***** Recorded data *****

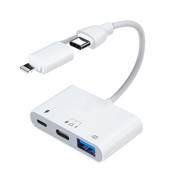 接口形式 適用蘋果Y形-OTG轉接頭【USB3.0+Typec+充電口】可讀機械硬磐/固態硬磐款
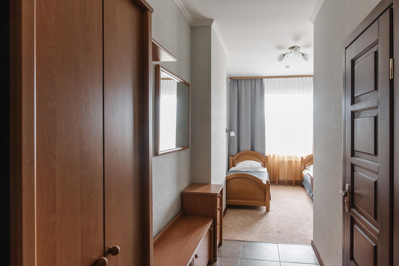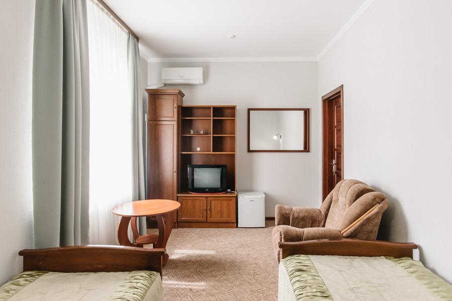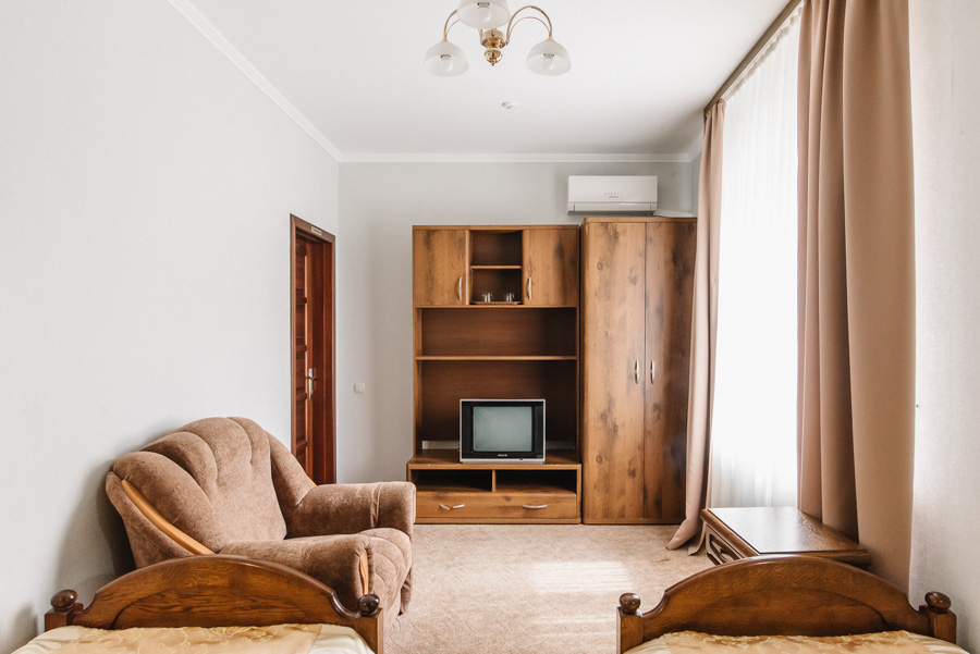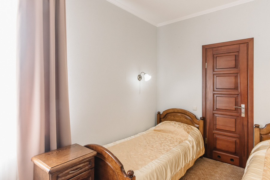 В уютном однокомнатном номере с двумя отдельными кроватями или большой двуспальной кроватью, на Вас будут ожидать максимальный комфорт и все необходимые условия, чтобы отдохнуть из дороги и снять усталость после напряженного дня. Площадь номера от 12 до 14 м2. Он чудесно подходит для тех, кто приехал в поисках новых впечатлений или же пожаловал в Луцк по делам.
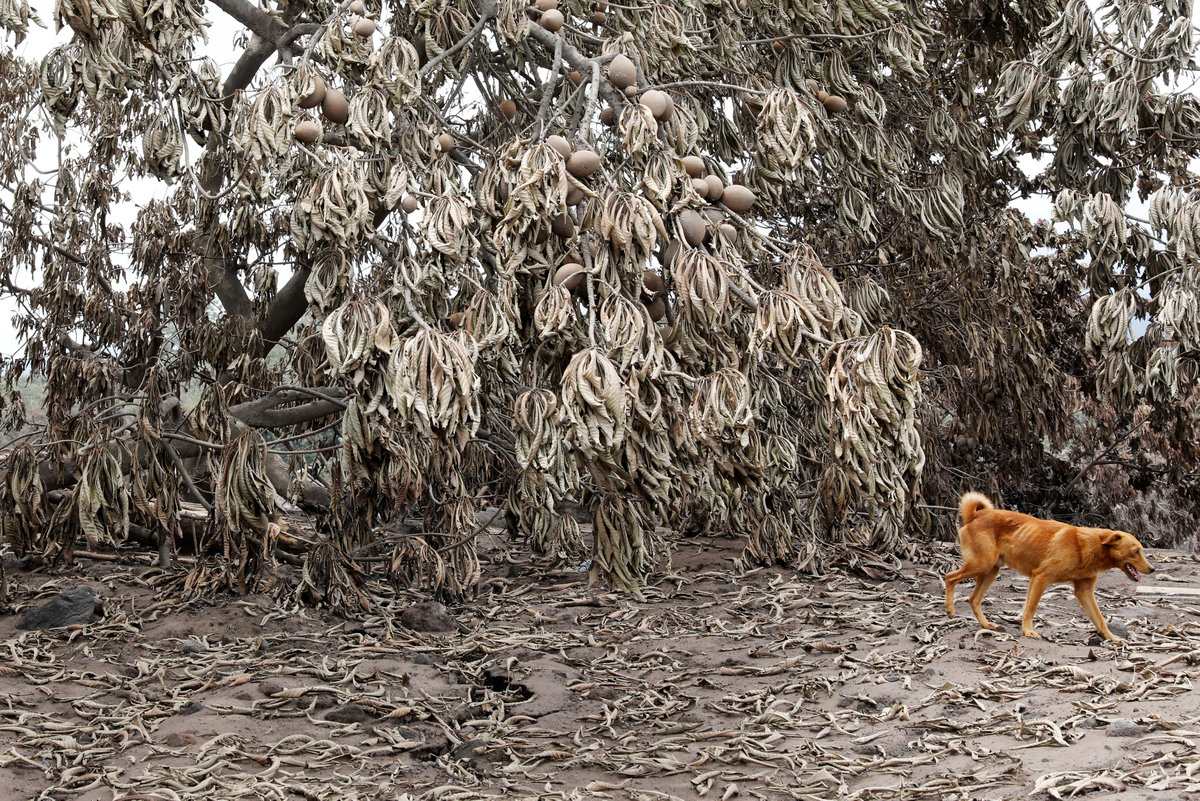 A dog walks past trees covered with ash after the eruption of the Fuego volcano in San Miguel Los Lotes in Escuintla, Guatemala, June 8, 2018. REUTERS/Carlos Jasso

*****

**Directions:**
Please give all of the material again, exactly, without the images.

**Exercise output:**
 接口形式 適用蘋果Y形-OTG轉接頭【USB3.0+Typec+充電口】可讀機械硬磐/固態硬磐款
 В уютном однокомнатном номере с двумя отдельными кроватями или большой двуспальной кроватью, на Вас будут ожидать максимальный комфорт и все необходимые условия, чтобы отдохнуть из дороги и снять усталость после напряженного дня. Площадь номера от 12 до 14 м2. Он чудесно подходит для тех, кто приехал в поисках новых впечатлений или же пожаловал в Луцк по делам.
 A dog walks past trees covered with ash after the eruption of the Fuego volcano in San Miguel Los Lotes in Escuintla, Guatemala, June 8, 2018. REUTERS/Carlos Jasso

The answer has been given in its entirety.